== Exercise aim ==
How many lines of the listing below contain "blue"? State the number alone.

== Records provided ==
· · · · · · ·

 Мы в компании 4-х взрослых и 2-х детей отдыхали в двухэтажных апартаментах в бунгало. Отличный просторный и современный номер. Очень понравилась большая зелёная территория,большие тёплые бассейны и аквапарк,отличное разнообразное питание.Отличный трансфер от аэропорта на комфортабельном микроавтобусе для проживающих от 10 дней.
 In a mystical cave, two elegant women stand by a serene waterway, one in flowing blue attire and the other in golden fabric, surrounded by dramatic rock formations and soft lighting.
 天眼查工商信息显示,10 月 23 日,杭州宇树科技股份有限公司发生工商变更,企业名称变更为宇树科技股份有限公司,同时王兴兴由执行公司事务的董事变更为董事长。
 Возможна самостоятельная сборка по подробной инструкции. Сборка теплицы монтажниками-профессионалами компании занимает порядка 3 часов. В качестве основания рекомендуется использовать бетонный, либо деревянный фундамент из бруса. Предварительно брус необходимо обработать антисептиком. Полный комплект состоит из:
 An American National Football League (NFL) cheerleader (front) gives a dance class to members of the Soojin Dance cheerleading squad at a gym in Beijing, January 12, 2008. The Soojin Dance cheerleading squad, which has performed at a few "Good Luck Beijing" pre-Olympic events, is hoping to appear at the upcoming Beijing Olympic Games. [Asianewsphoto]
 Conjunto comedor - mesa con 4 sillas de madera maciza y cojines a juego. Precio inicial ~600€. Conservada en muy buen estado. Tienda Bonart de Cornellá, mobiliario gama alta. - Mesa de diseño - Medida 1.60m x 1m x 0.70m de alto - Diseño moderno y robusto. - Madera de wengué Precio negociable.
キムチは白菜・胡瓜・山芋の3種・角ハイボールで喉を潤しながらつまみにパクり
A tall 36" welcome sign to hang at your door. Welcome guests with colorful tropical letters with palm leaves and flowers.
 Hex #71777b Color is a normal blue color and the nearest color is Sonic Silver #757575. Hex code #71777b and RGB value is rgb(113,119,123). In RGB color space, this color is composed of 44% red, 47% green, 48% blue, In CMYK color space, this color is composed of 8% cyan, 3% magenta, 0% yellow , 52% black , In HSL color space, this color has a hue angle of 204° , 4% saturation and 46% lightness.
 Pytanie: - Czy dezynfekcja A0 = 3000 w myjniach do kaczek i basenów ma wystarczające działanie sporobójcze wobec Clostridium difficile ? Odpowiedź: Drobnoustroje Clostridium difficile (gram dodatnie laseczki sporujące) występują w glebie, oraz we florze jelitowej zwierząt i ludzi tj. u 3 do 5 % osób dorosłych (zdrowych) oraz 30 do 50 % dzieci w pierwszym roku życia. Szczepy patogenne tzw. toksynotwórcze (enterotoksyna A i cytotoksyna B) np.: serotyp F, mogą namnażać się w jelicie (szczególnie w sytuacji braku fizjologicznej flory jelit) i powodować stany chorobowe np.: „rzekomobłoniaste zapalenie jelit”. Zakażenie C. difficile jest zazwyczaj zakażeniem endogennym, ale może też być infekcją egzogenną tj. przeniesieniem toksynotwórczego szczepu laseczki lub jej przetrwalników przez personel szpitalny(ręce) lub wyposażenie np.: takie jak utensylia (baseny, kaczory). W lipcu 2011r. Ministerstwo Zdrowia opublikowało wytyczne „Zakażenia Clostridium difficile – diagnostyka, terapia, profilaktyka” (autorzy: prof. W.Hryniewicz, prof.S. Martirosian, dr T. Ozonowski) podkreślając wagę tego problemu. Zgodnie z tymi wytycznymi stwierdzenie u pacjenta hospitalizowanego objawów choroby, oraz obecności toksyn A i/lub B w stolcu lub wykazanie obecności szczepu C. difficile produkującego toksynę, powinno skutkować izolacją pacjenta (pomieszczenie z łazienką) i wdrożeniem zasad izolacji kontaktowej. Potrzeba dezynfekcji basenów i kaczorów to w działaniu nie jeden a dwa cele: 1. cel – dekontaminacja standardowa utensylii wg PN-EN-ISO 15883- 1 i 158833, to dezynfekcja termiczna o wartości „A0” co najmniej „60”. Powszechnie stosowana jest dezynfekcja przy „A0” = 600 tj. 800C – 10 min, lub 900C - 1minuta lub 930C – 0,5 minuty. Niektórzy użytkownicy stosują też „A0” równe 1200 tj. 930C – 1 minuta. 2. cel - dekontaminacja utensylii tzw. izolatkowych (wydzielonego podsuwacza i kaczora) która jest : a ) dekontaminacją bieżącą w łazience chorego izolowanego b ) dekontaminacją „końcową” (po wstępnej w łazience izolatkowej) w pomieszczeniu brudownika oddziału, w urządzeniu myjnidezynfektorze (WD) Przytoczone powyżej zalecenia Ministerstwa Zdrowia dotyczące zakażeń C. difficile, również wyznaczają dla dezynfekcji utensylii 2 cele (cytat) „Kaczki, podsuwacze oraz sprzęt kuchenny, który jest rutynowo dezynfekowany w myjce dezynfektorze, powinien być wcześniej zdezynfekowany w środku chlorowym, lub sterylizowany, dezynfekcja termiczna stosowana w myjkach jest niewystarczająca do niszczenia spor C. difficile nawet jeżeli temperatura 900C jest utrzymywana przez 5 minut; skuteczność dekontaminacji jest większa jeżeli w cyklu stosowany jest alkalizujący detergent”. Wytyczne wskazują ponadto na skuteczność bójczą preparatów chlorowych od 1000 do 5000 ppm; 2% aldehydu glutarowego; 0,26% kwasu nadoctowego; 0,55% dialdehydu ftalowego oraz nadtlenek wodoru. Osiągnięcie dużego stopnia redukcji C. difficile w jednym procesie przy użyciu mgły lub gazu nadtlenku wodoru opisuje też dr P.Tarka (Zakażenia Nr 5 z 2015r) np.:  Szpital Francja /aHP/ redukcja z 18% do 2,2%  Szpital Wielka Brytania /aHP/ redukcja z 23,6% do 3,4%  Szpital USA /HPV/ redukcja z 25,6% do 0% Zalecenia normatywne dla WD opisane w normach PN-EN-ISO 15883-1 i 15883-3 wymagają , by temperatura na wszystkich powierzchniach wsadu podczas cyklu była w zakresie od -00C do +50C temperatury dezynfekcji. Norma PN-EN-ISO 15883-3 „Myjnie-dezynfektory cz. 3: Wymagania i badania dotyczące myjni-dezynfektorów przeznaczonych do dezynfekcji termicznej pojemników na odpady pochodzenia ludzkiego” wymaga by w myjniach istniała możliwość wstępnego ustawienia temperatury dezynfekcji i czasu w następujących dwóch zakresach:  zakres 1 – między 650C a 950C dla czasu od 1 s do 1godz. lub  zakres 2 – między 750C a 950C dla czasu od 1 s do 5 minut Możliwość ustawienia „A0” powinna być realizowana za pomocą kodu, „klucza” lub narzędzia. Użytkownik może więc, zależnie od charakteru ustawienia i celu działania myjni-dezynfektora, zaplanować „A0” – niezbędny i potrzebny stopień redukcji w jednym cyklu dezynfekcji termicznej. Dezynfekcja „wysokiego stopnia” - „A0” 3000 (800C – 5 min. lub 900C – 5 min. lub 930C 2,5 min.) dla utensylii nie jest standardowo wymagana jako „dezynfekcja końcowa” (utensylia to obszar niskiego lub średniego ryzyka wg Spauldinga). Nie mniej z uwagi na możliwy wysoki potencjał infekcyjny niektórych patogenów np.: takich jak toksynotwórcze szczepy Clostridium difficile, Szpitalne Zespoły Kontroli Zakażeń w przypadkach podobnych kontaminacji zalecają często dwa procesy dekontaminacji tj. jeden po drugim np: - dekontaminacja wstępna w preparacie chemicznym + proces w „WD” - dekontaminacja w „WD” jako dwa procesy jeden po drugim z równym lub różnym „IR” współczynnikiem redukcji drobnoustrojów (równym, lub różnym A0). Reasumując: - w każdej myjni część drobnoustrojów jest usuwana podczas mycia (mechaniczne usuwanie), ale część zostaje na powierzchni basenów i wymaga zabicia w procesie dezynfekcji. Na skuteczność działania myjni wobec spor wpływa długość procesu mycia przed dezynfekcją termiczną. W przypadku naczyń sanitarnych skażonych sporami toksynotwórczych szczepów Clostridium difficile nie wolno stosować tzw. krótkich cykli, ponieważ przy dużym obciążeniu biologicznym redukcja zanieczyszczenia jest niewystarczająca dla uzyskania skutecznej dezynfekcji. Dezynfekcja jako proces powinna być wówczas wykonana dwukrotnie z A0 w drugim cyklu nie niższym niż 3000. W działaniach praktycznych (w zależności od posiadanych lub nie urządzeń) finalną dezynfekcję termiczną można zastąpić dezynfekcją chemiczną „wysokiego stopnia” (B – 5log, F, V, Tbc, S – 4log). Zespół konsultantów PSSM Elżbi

· · · · · · ·

== Response below ==
2